Without any pictures, print exactly the lines that run from the start of the data through the line containing "Speaking of waiters, we".

Data extracted from a collection:
--*--
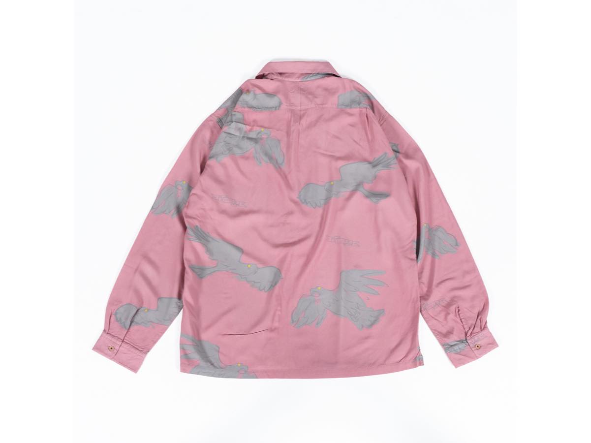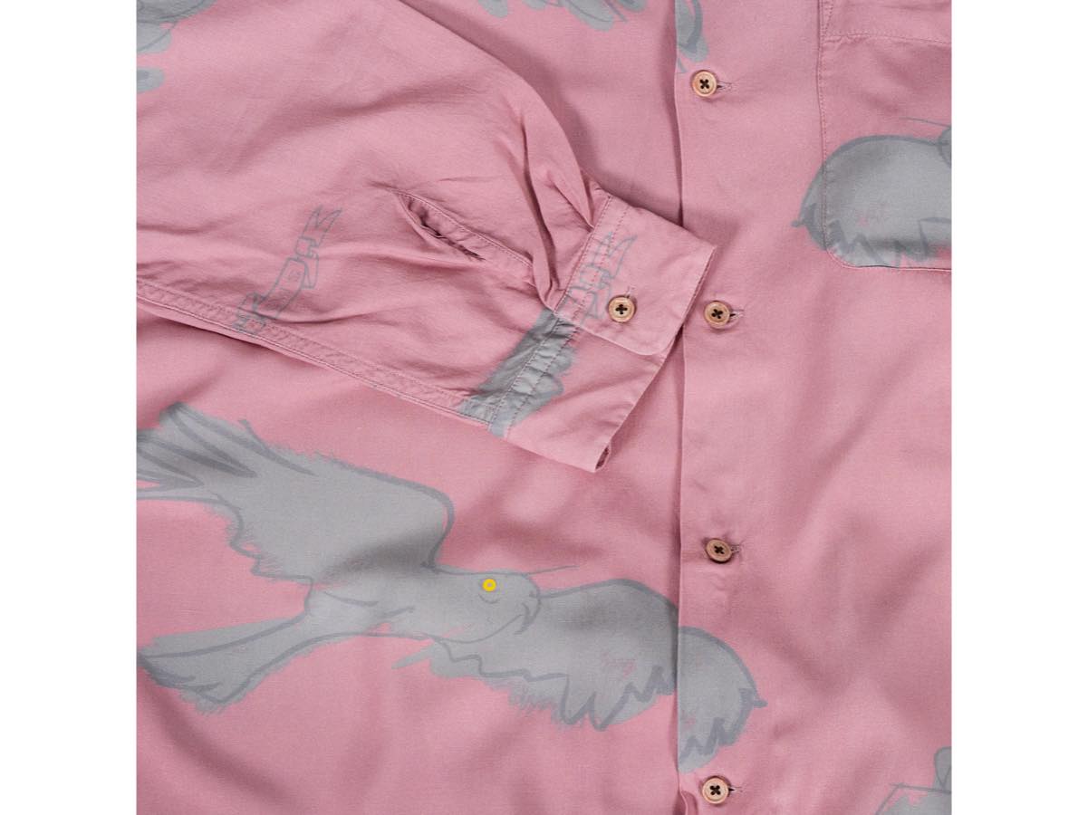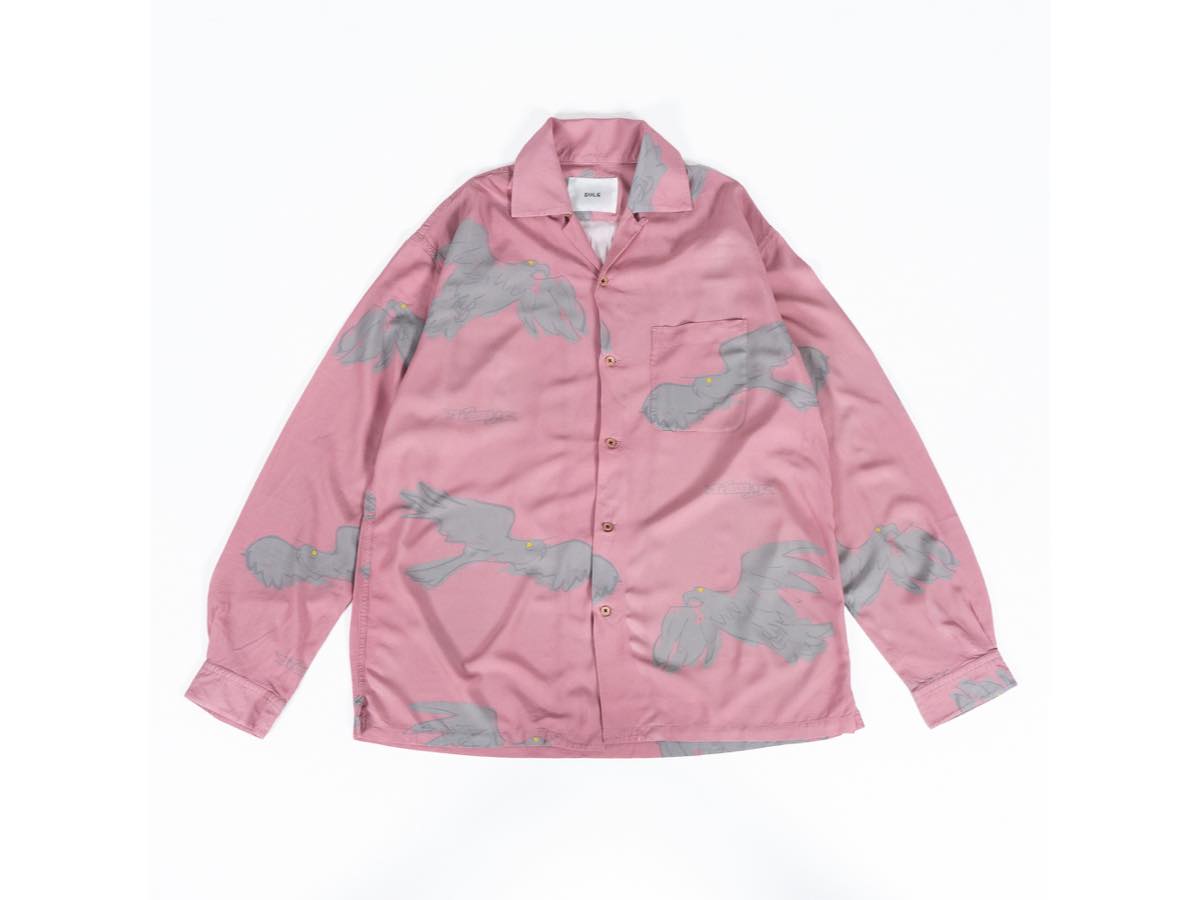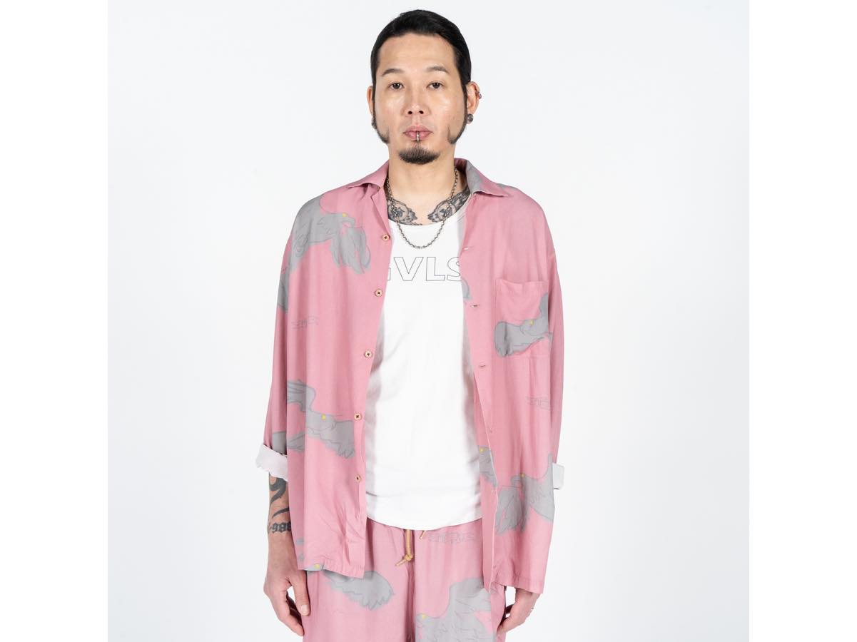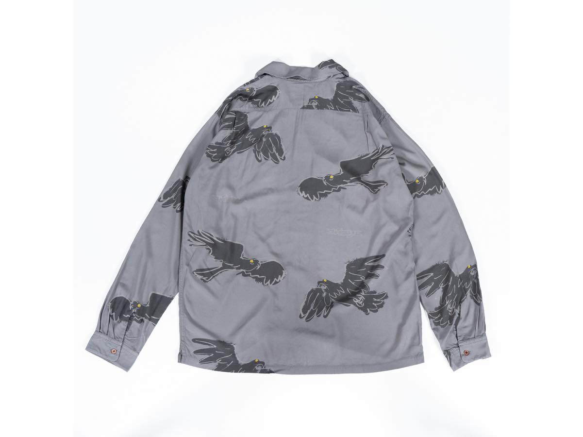 “今季も独特な画風を持つ中村達也氏手描きのイラストレーションがデザインされたオリジナルの生地のGVLS夏のイメージとして定番化されているアロハシャツ。 ”鳥” のイラストの その自在に飛び回る姿、空気をそのまま纏えるよう、大きめの柄・色・素材の“軽やかさ”に徹底的にこだわったアイテムとなっています。 こちらは長袖シャツver.”
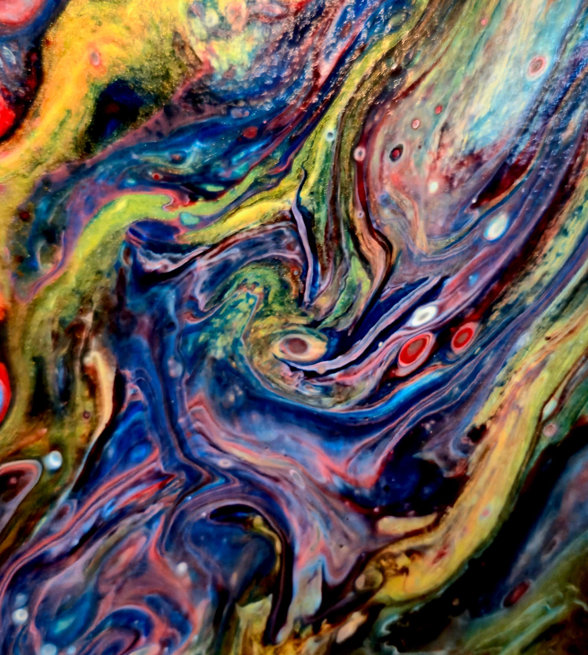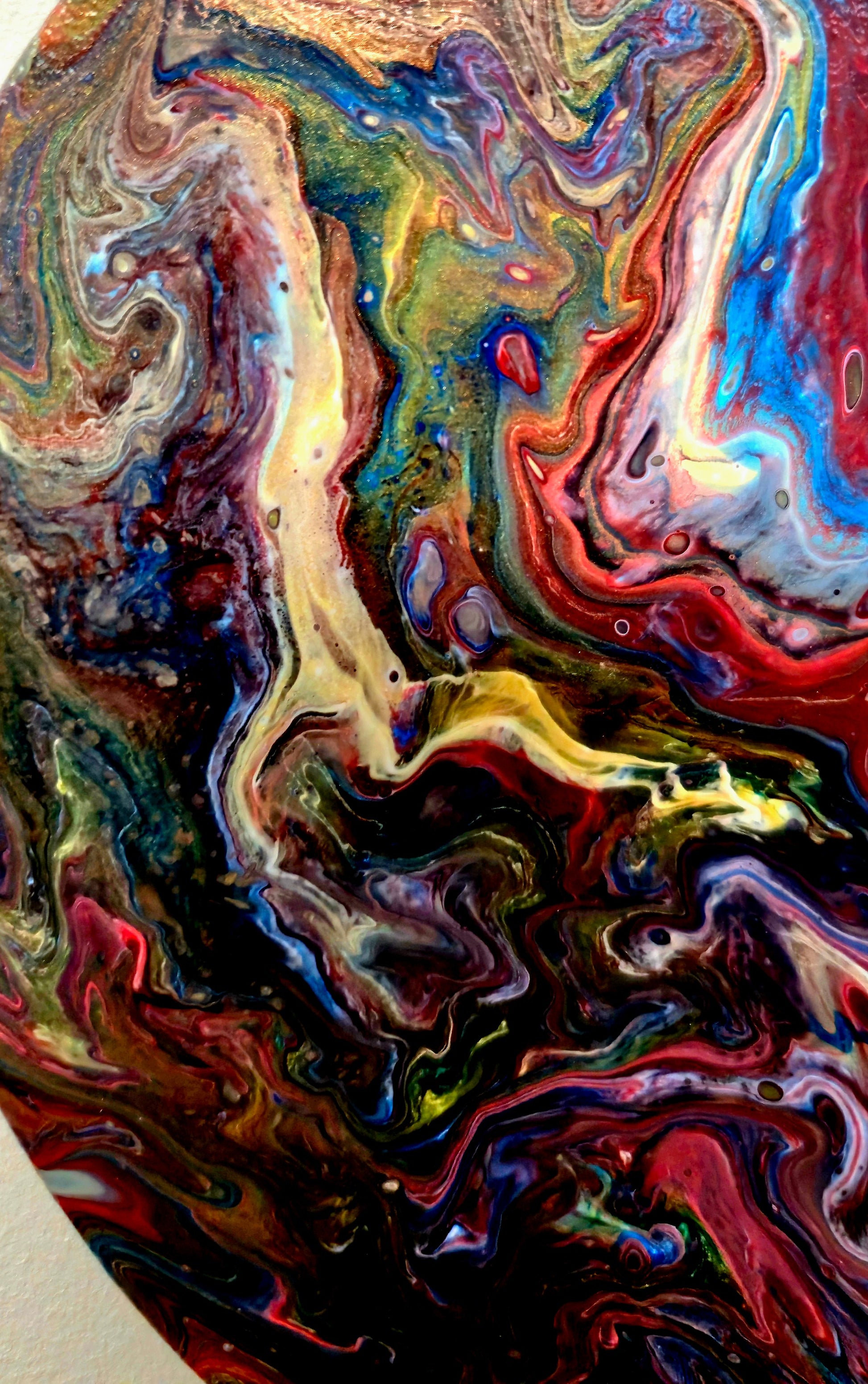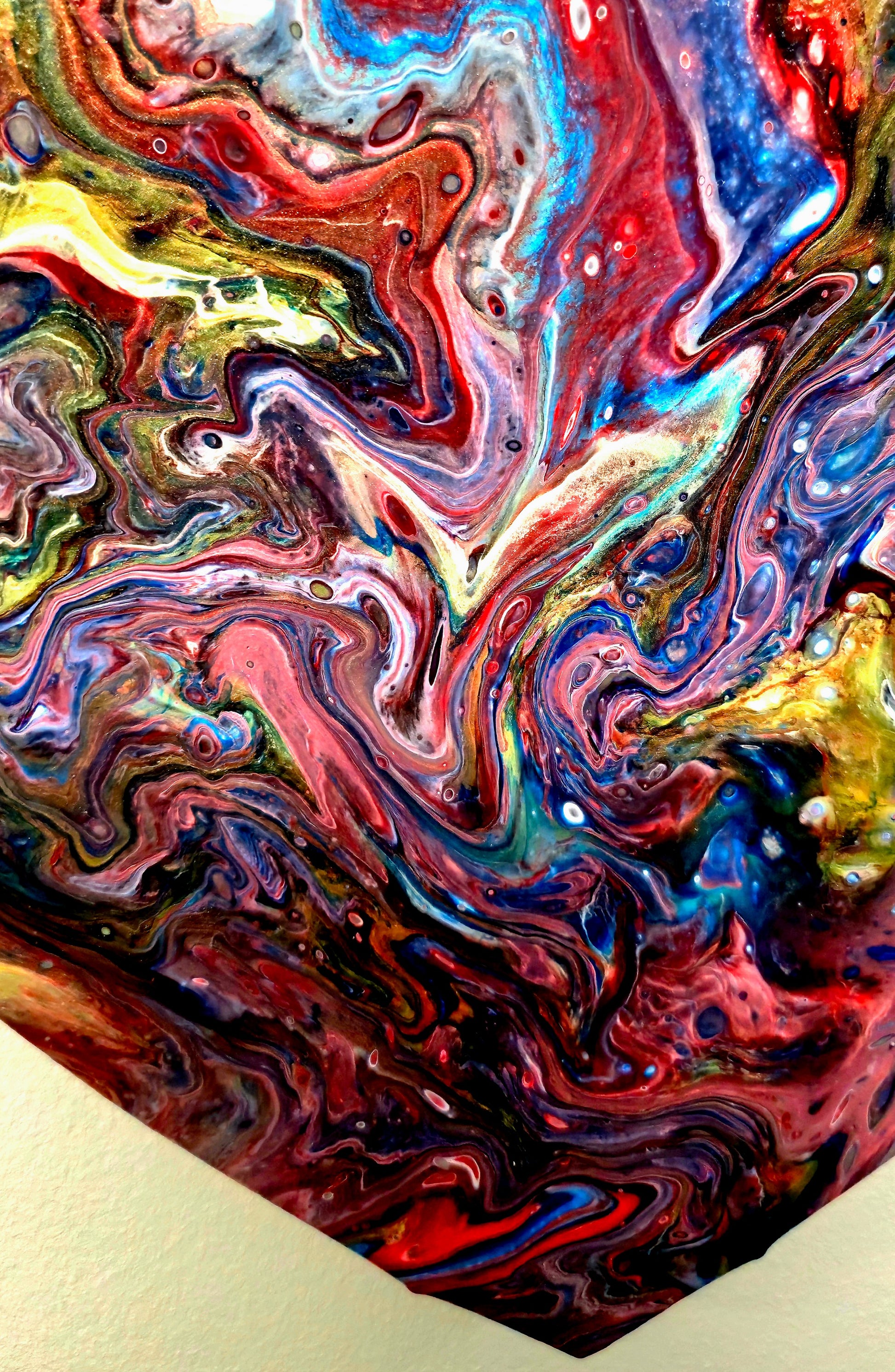 Farby akrylowe swobodnie spływają po płótnie w kształcie serca, tworząc organiczne, niepowtarzalne struktury. Każdy wirujący wzór, każda komórka koloru to efekt spontanicznego procesu twórczego – niemożliwy do odtworzenia, namalowany raz, na zawsze.
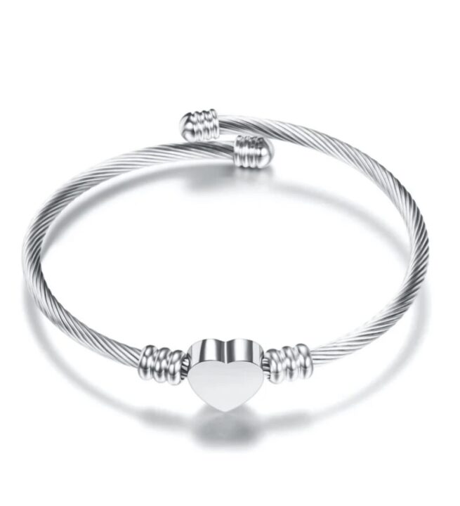 Βραχιόλι Από Ανοξείδωτο Ατσάλι Με Καρδιά Σε Χρώμα Ασημί
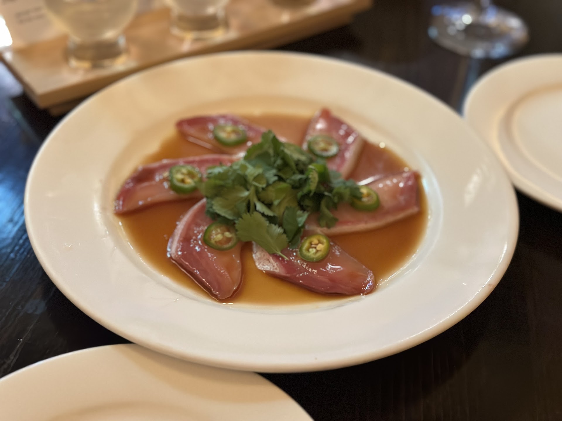 Speaking of waiters, we had an interesting experience. We had 4 separate waiters individually approach our table within 2-3 minutes of being seated. Each waiter asked us if we were ready to order drinks or food. This made it confusing to determine who our actual waiter was and made us feel like we needed to hurry up and rush (I’m not sure what the rush was since the restaurant was maybe 1/3 full). Ironically, the 4th person who came up to us asking for our drink/food order was not even able to take our order so they had to go back and grab one of the earlier waiters to take our order. The last strange service experience was having my phone knocked off the table by the waiter that took our order. Rather than pick up the menu off the table, the waiter swept/dragged the menu off our table and in that same motion swept my phone off the table. This same waiter made us anxious every time she brought us food or liquids for the rest of the night because everything was shaky/wobbly. In the end, the first waiter that greeted us eventually became our sole waiter and she was amazing! I wish she could’ve just been our waiter the whole time: it would’ve made everything less tense and rushed.
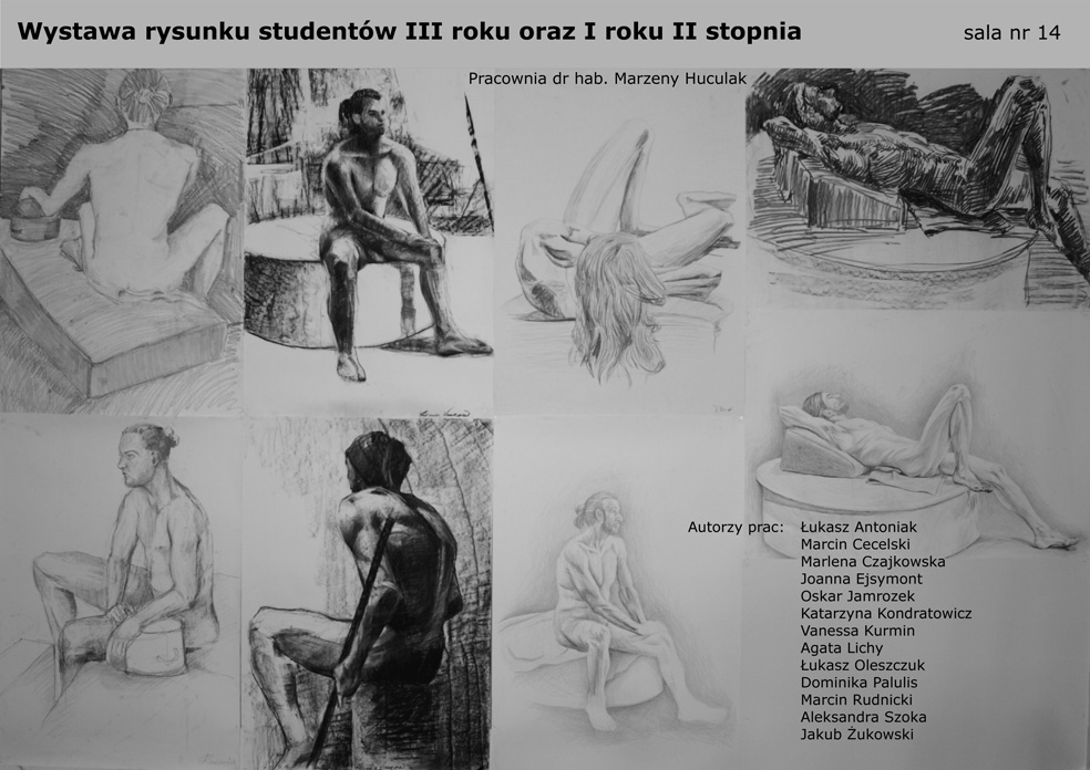 Wystawa rysunku studentów z pracowni dr hab. Marzeny Huculak w Instytucie Sztuk Pięknych
--*--
## SOLUTION BELOW
 “今季も独特な画風を持つ中村達也氏手描きのイラストレーションがデザインされたオリジナルの生地のGVLS夏のイメージとして定番化されているアロハシャツ。 ”鳥” のイラストの その自在に飛び回る姿、空気をそのまま纏えるよう、大きめの柄・色・素材の“軽やかさ”に徹底的にこだわったアイテムとなっています。 こちらは長袖シャツver.”
 Farby akrylowe swobodnie spływają po płótnie w kształcie serca, tworząc organiczne, niepowtarzalne struktury. Każdy wirujący wzór, każda komórka koloru to efekt spontanicznego procesu twórczego – niemożliwy do odtworzenia, namalowany raz, na zawsze.
 Βραχιόλι Από Ανοξείδωτο Ατσάλι Με Καρδιά Σε Χρώμα Ασημί
 Speaking of waiters, we had an interesting experience. We had 4 separate waiters individually approach our table within 2-3 minutes of being seated. Each waiter asked us if we were ready to order drinks or food. This made it confusing to determine who our actual waiter was and made us feel like we needed to hurry up and rush (I’m not sure what the rush was since the restaurant was maybe 1/3 full). Ironically, the 4th person who came up to us asking for our drink/food order was not even able to take our order so they had to go back and grab one of the earlier waiters to take our order. The last strange service experience was having my phone knocked off the table by the waiter that took our order. Rather than pick up the menu off the table, the waiter swept/dragged the menu off our table and in that same motion swept my phone off the table. This same waiter made us anxious every time she brought us food or liquids for the rest of the night because everything was shaky/wobbly. In the end, the first waiter that greeted us eventually became our sole waiter and she was amazing! I wish she could’ve just been our waiter the whole time: it would’ve made everything less tense and rushed.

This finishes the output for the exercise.